From Camden and Cherry Hill to Trenton and the Jersey Shore, what about life in New Jersey should WHYY News cover? Let us know.

Gov. Phil Murphy plans to cut $20 million in state funding for community colleges. Faculty, university administrators and students say this cut would devastate students and the higher education community.

“That cut will have significant negative impacts on our colleges,” said Dr. Aaron Fichtner, chairman of the New Jersey Council of County Colleges. “Colleges will be forced to raise tuition, cut programs, cut services… our colleges will struggle to make some very difficult decisions that will have real consequences for students.”

As it stands now, state aid should account for one-third of community college funding in the Garden State. Another third should come from the province or provinces the colleges serve. The remainder of the funding must come from student tuition fees.

But Fichtner said, “(New Jersey) has never delivered on these promises,” adding that “tuition now accounts for 55% of the cost of running its colleges.”

This makes state support even more important for the institutions, as they try to keep tuition fees affordable.
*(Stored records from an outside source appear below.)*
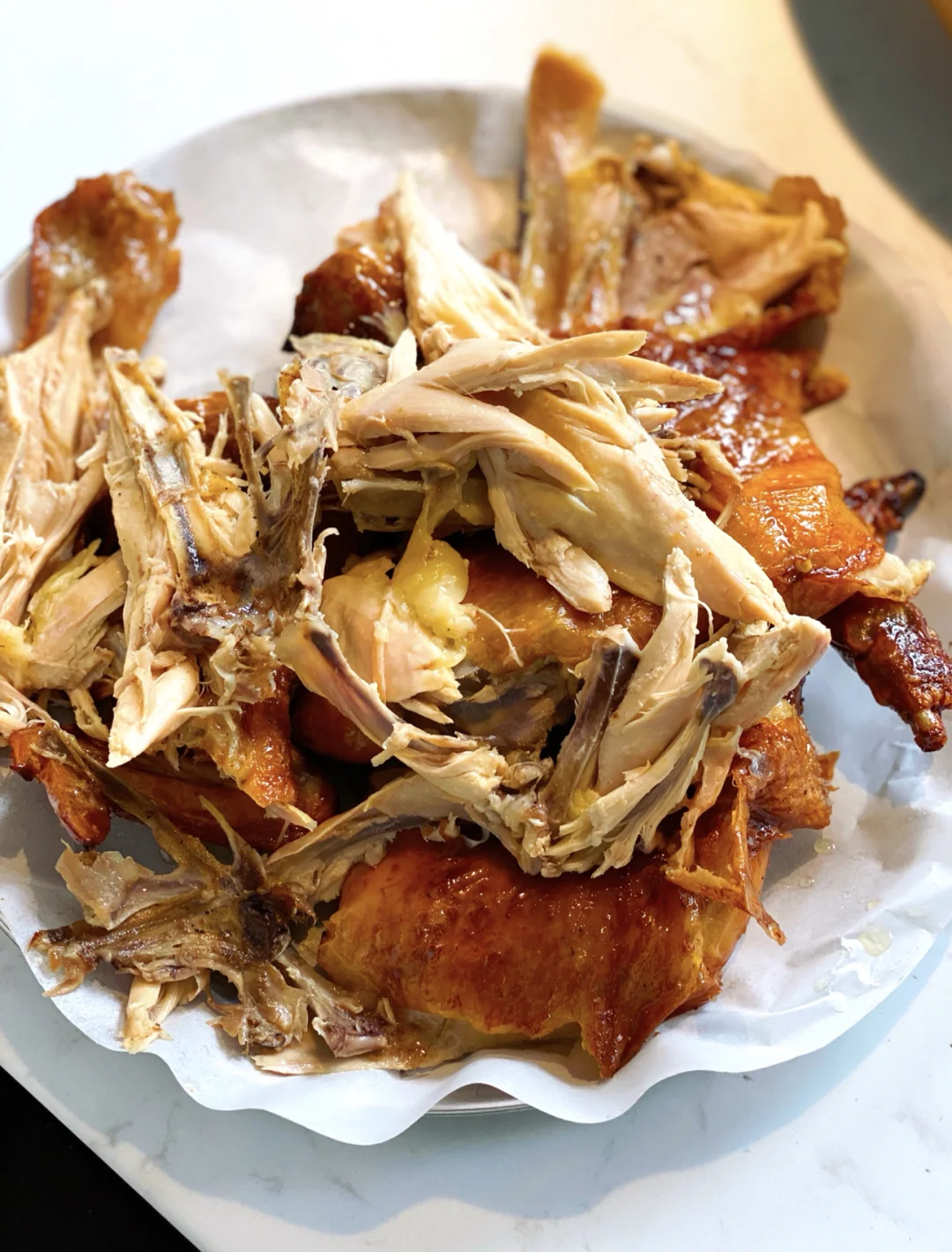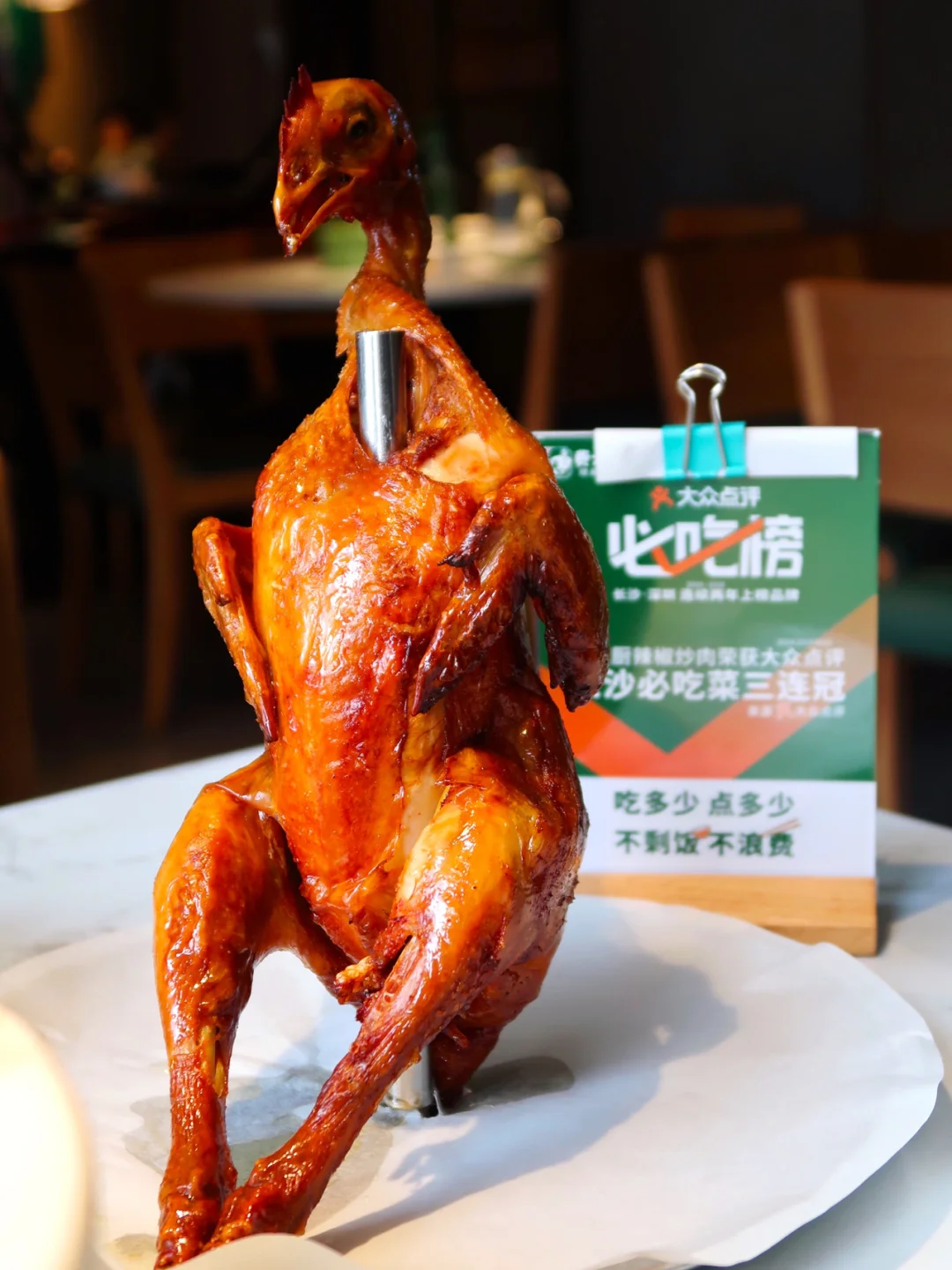 2⃣️柴火手撕鸡;🐔一整只黄金手撕鸡上桌,也太货真价实了叭~准备吃的时候可以叫服务员过来将这只鸡撕开分离,鸡肉连着皮一起撕下来吃超绝的😆外皮焦脆内里肉嫩有嚼劲,吃完饭还打包多一份回去来。
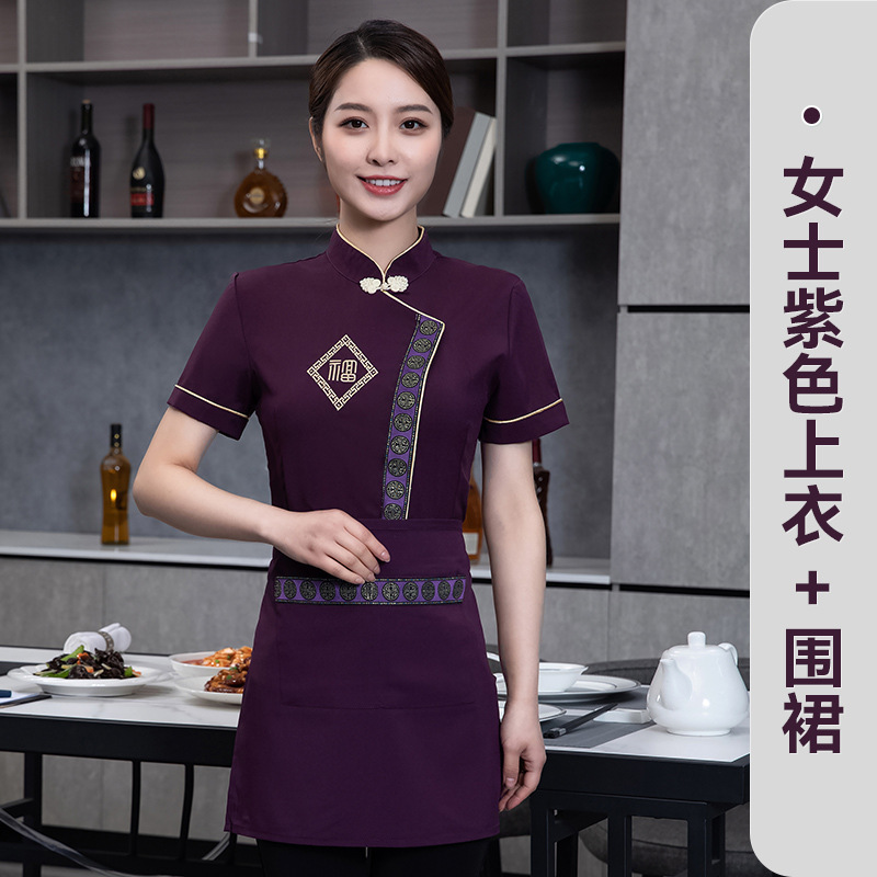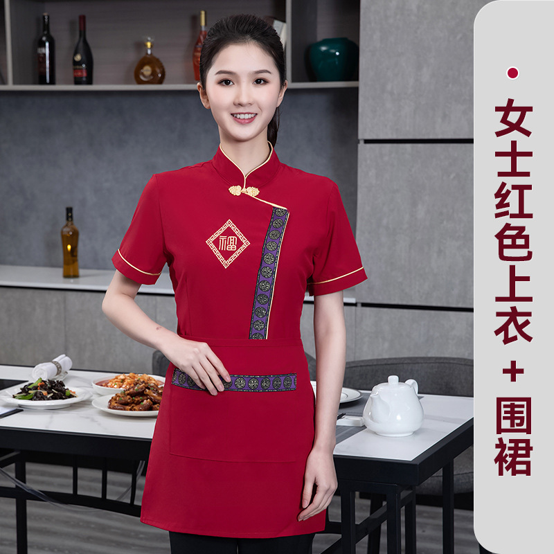 레스토랑 웨이터 작업복 여성 여름 중국 호텔 취사 냄비 레스토랑 레스토랑 찻집 반소매 의류 세트스토어 가기
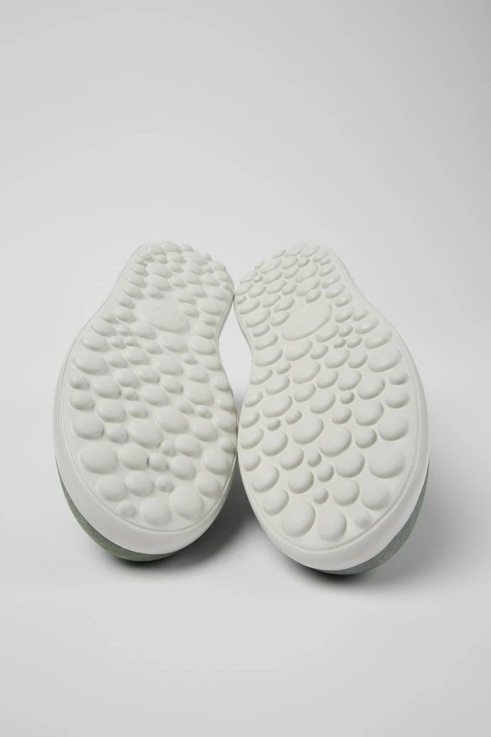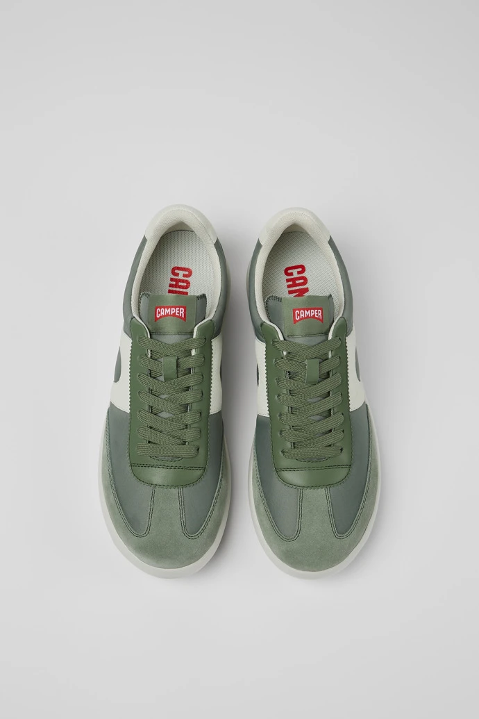 Green textile and leather men’s sneakers with removable PU footbeds and EVA outsoles.
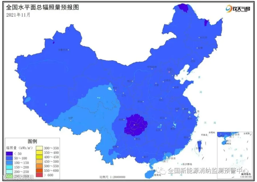 附图4 全国2021年11月水平面总辐照量预报图
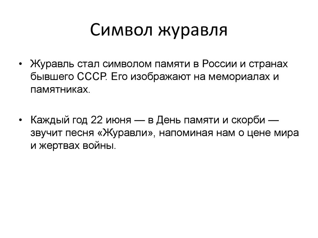 Символ журавля• Журавль стал символом памяти в России и странах
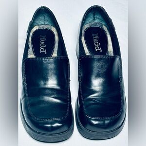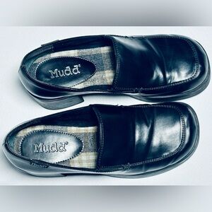 The product is a pair of vintage 90s Y2K Mudd Sharpe black vegan leather chunky platform oxfords for women in size 7. These square toe slip-on heels are perfect for various occasions such as parties, casual outings, formal events, and business meetings. The mid-heel block style offers comfort and a touch of retro flair with its 90s theme. Made with a durable rubber outsole and lined with fabric, these black oxfords are a stylish and versatile choice for any season. Very good condition
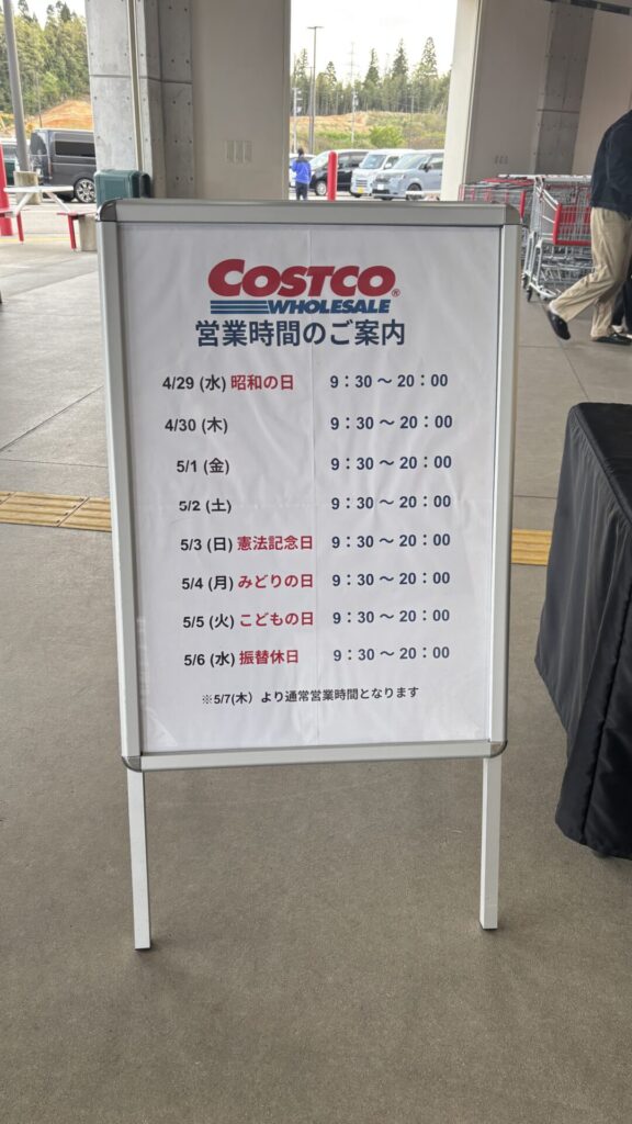 コストコ倉庫店でのゴールデンウィーク中の営業時間が公開されていました。
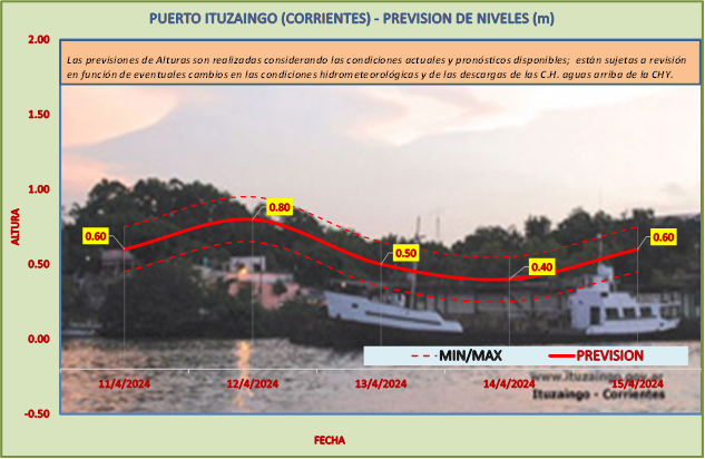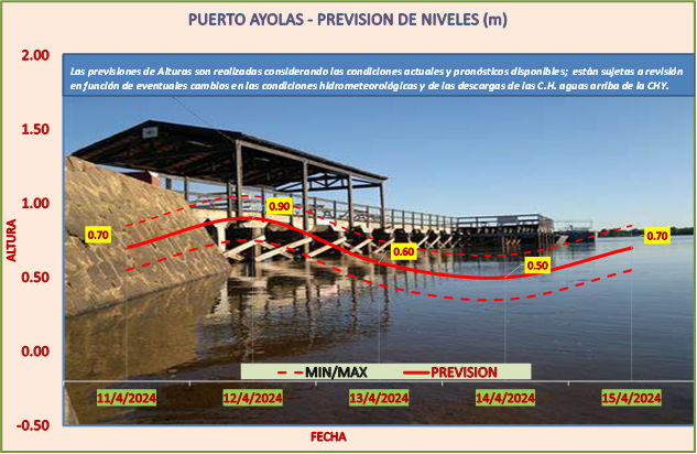 Las previsiones de Alturas son realizadas considerando las condiciones actuales y pronósticos disponibles y están sujetas a revisión en función de eventuales cambios en las condiciones hidrometeorológicas y de las descargas de las C.H. aguas arriba de la CHY.
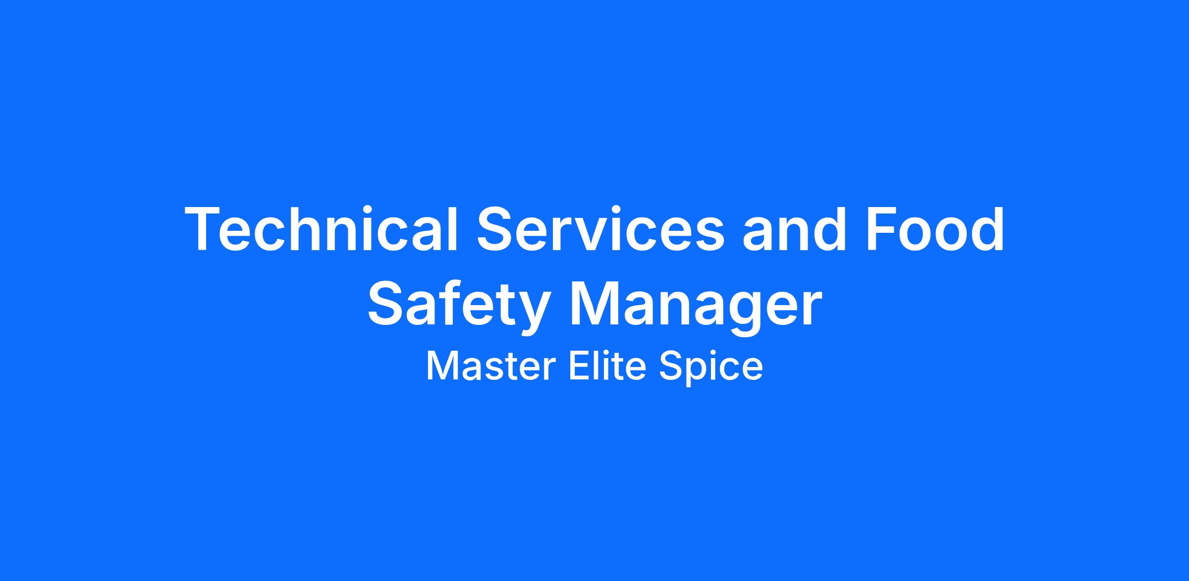 The Technical Service Manager is an authorized representative of Elite Spice and may travel on their behalf to audit suppliers, participate in technical forums, present information to customers, suppliers, and stakeholders, and visit other Elite Spice facilities.
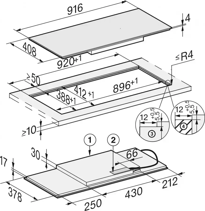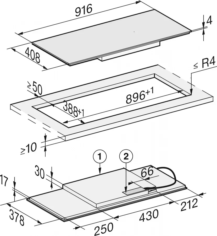 | Дополнительные параметры | Два варианта встраивания: сверху и заподлицо 2 зоны объединения PowerFlex Управление SmartSelect Размер ниши (Ш x Г): 89.6х38.8 (монтаж сверху) 89.6 / 92х38.8 / 41.2 (вырез ступенькой для монтажа заподлицо) |

New Jersey’s method for financing community colleges is not as complicated as the state’s formula for supporting public schools. It’s a one-line allocation in Gov. Phil Murphy’s budget proposal, which is divided among the state’s 18 community colleges.

Instead of economic factors such as tax revenue and local income, the state formula takes into account the following measures: the number of students enrolled, the number of students enrolled from lower-income populations receiving state and federal aid, the number students from groups that are underrepresented in higher education and the number of students who graduate.

This is in addition to ensuring that smaller institutions receive adequate funding.

“We are proud that our formula is now a performance-based formula,” said Fichtner. “It honors the critical role our colleges play in enrollment, in enrolling adult students, in expanding access to higher education and in helping students graduate.”